Exercise — Transcribe the lines exactly, beginning with the one that contains "침실 침실 바닥 랙 움직일" and ending with the final line of the records. Do not transcribe pictures.

[Source data]
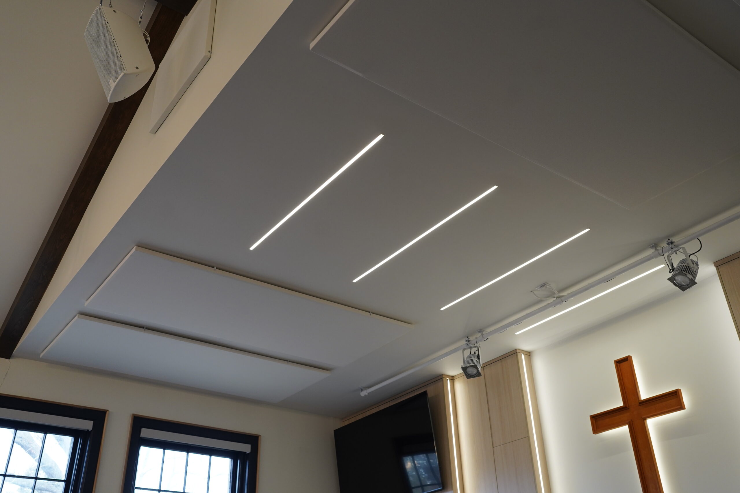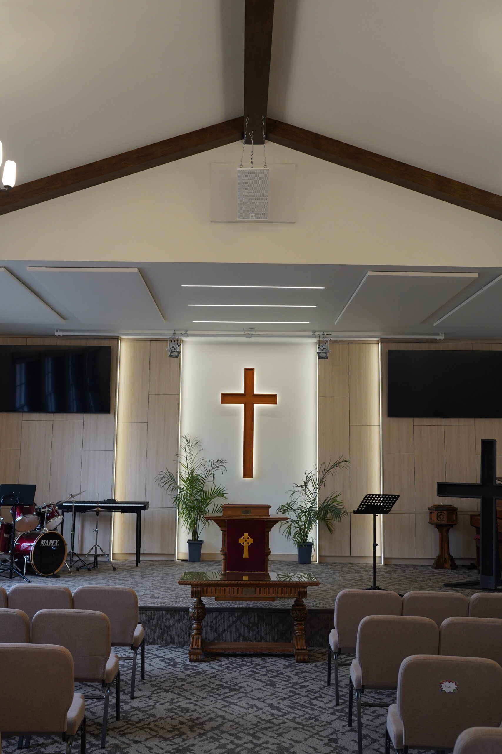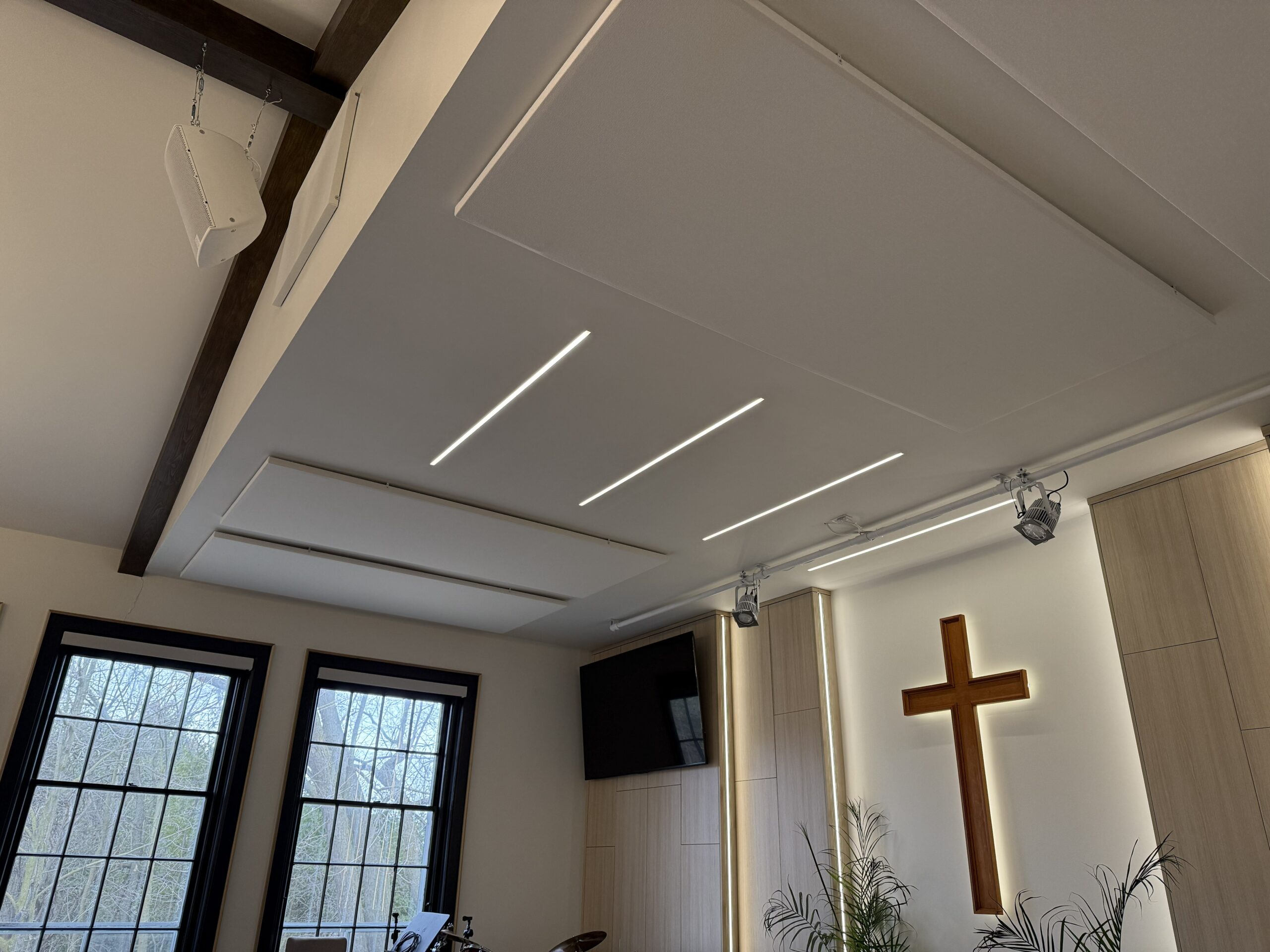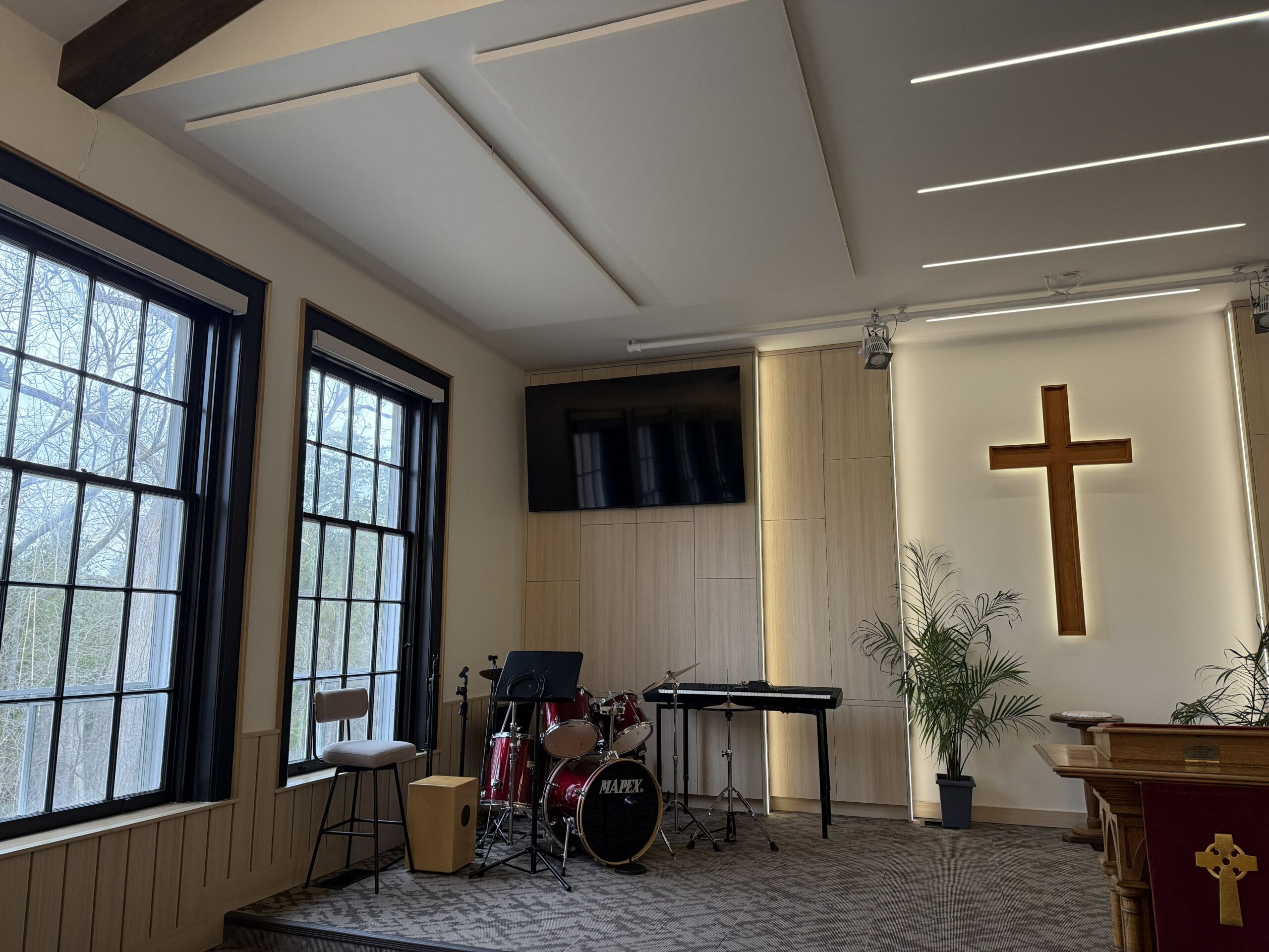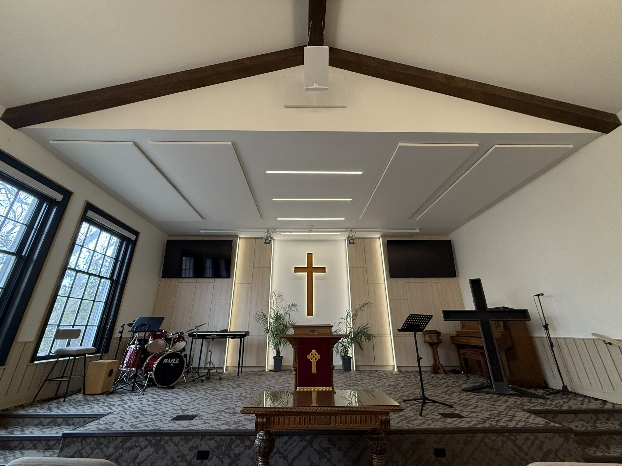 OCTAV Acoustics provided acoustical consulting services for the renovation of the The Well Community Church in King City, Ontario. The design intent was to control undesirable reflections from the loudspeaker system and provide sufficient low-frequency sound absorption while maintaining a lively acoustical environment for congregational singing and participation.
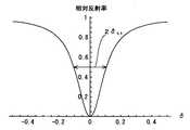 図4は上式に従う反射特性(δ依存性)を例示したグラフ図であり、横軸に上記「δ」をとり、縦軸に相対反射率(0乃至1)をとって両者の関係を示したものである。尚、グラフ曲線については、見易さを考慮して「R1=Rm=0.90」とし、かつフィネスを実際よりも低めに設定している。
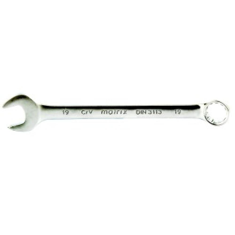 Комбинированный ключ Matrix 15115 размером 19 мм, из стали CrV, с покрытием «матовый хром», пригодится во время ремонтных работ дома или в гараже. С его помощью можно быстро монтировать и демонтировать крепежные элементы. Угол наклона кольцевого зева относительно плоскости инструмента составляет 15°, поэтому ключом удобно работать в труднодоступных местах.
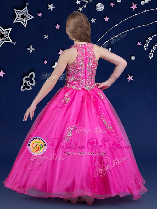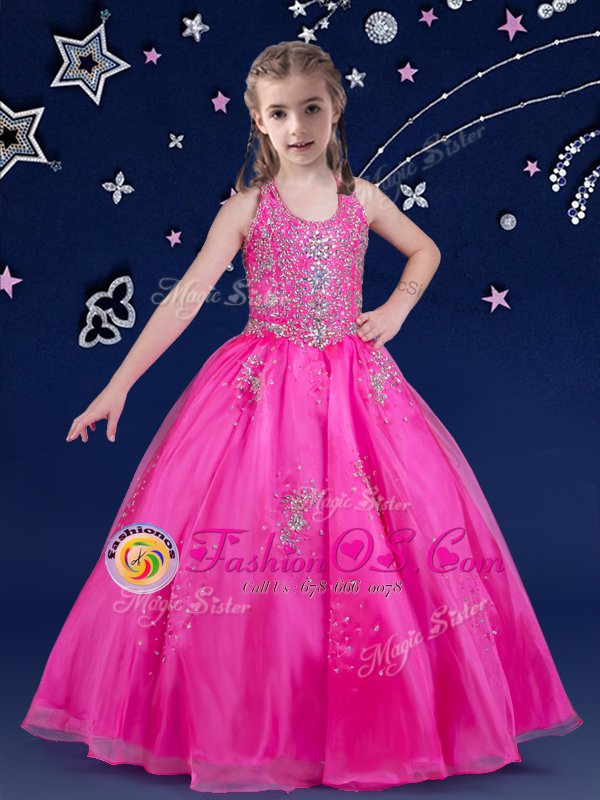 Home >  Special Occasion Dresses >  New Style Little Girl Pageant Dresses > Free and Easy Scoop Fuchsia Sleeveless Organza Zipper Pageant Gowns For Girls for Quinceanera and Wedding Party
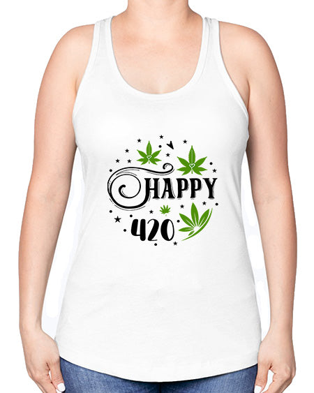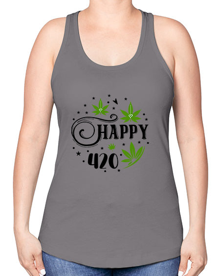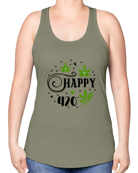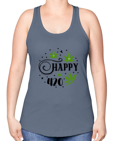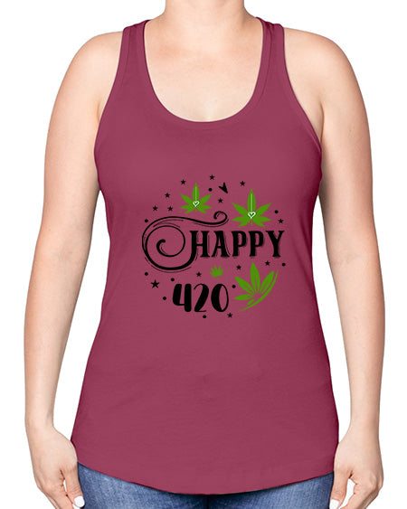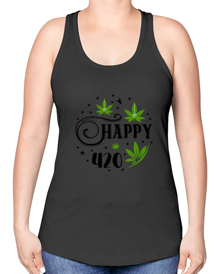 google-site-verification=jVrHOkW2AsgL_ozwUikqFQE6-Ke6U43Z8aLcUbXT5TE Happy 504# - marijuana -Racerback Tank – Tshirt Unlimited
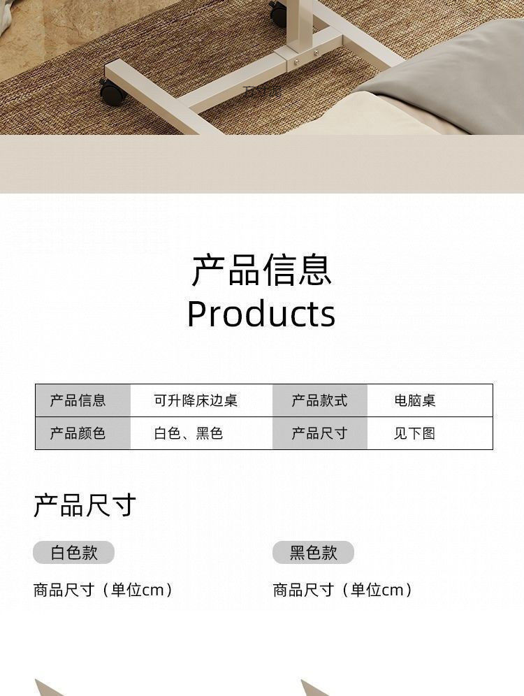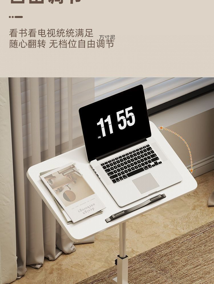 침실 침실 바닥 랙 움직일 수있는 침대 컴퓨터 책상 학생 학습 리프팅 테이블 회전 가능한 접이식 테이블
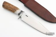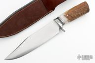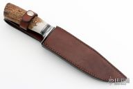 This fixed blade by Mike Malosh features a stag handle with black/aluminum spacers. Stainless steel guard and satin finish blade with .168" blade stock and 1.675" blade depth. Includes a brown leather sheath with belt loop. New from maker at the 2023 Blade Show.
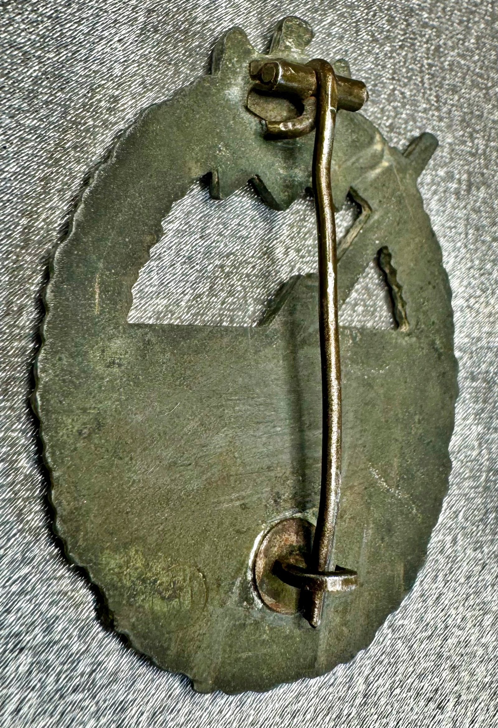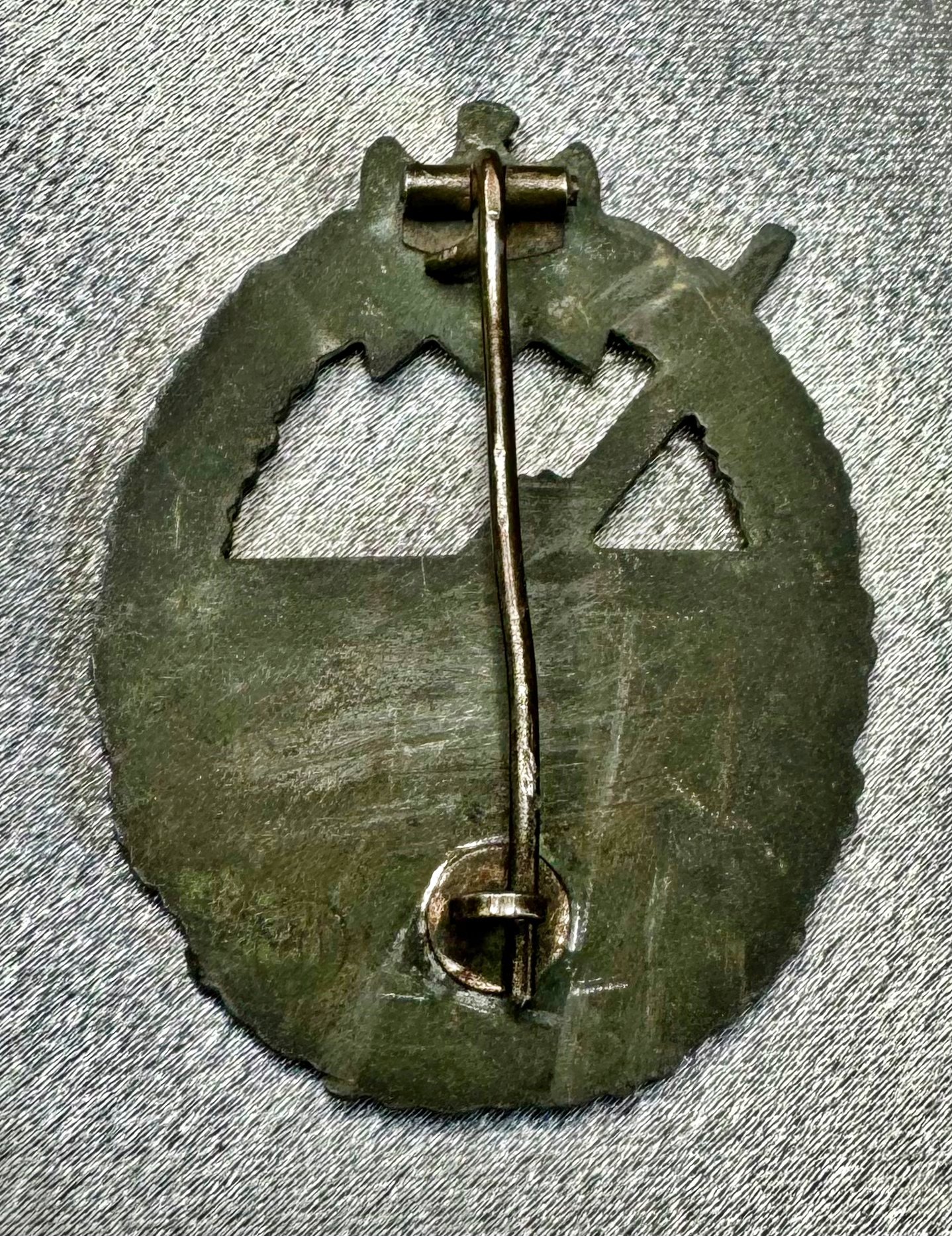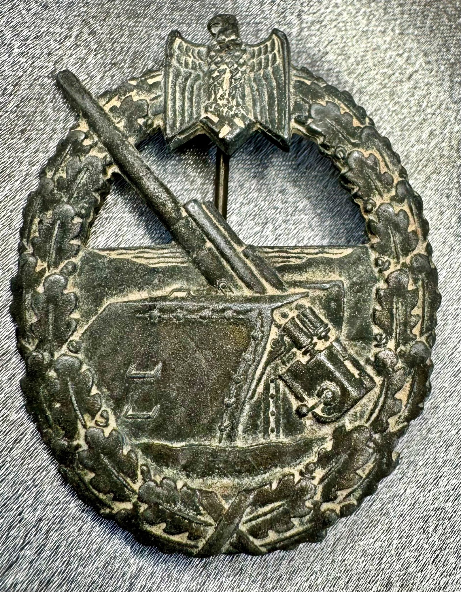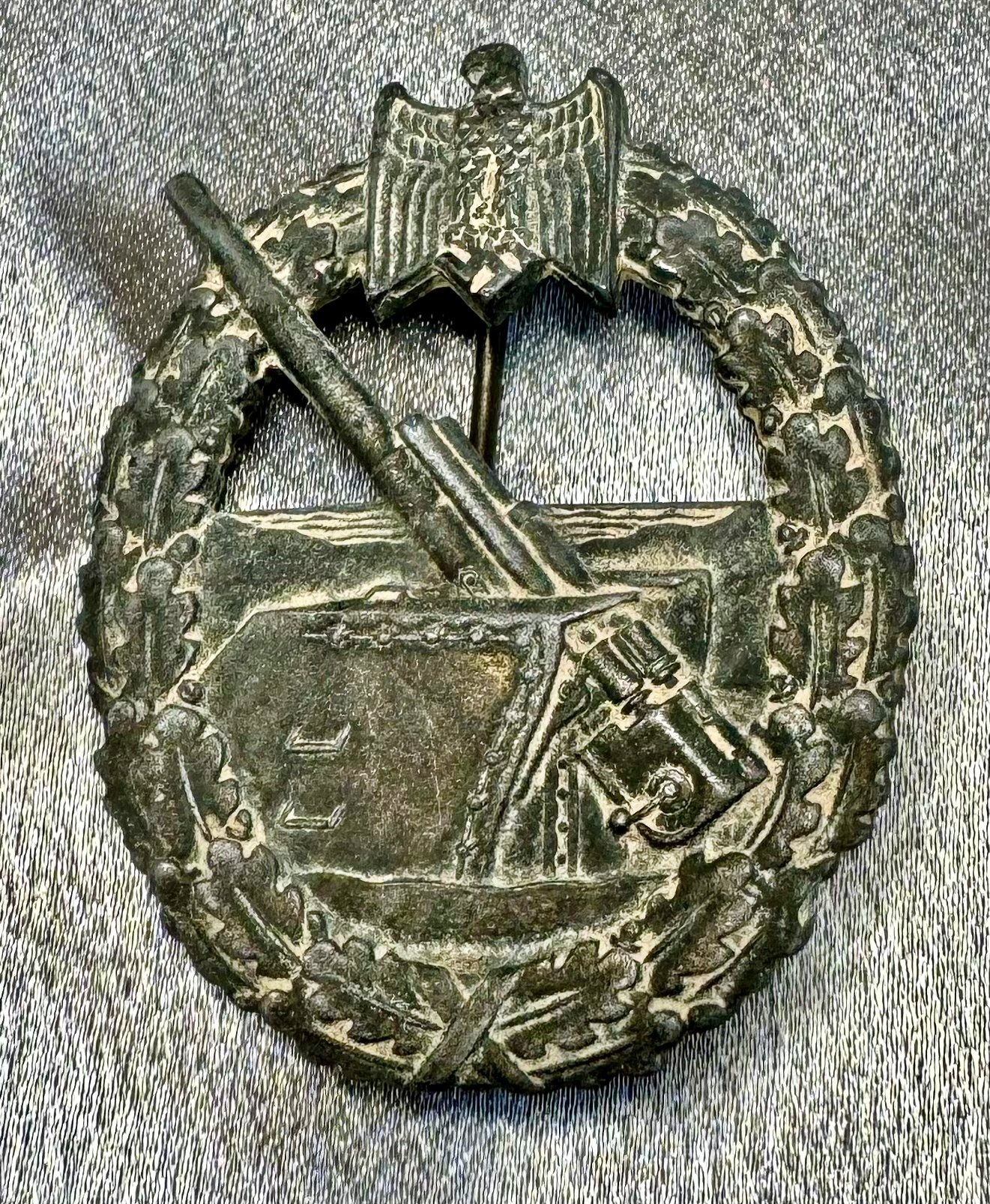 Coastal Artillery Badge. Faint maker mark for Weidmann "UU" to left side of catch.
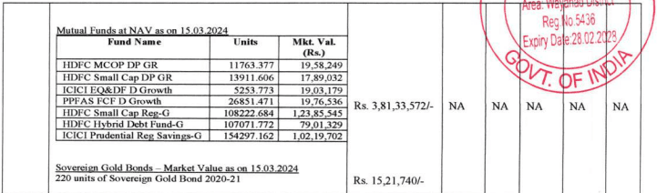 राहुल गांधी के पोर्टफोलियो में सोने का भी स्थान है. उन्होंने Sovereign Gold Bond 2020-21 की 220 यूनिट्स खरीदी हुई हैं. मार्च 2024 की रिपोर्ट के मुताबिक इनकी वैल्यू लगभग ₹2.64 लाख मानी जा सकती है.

The answer —
 침실 침실 바닥 랙 움직일 수있는 침대 컴퓨터 책상 학생 학습 리프팅 테이블 회전 가능한 접이식 테이블
 This fixed blade by Mike Malosh features a stag handle with black/aluminum spacers. Stainless steel guard and satin finish blade with .168" blade stock and 1.675" blade depth. Includes a brown leather sheath with belt loop. New from maker at the 2023 Blade Show.
 Coastal Artillery Badge. Faint maker mark for Weidmann "UU" to left side of catch.
 राहुल गांधी के पोर्टफोलियो में सोने का भी स्थान है. उन्होंने Sovereign Gold Bond 2020-21 की 220 यूनिट्स खरीदी हुई हैं. मार्च 2024 की रिपोर्ट के मुताबिक इनकी वैल्यू लगभग ₹2.64 लाख मानी जा सकती है.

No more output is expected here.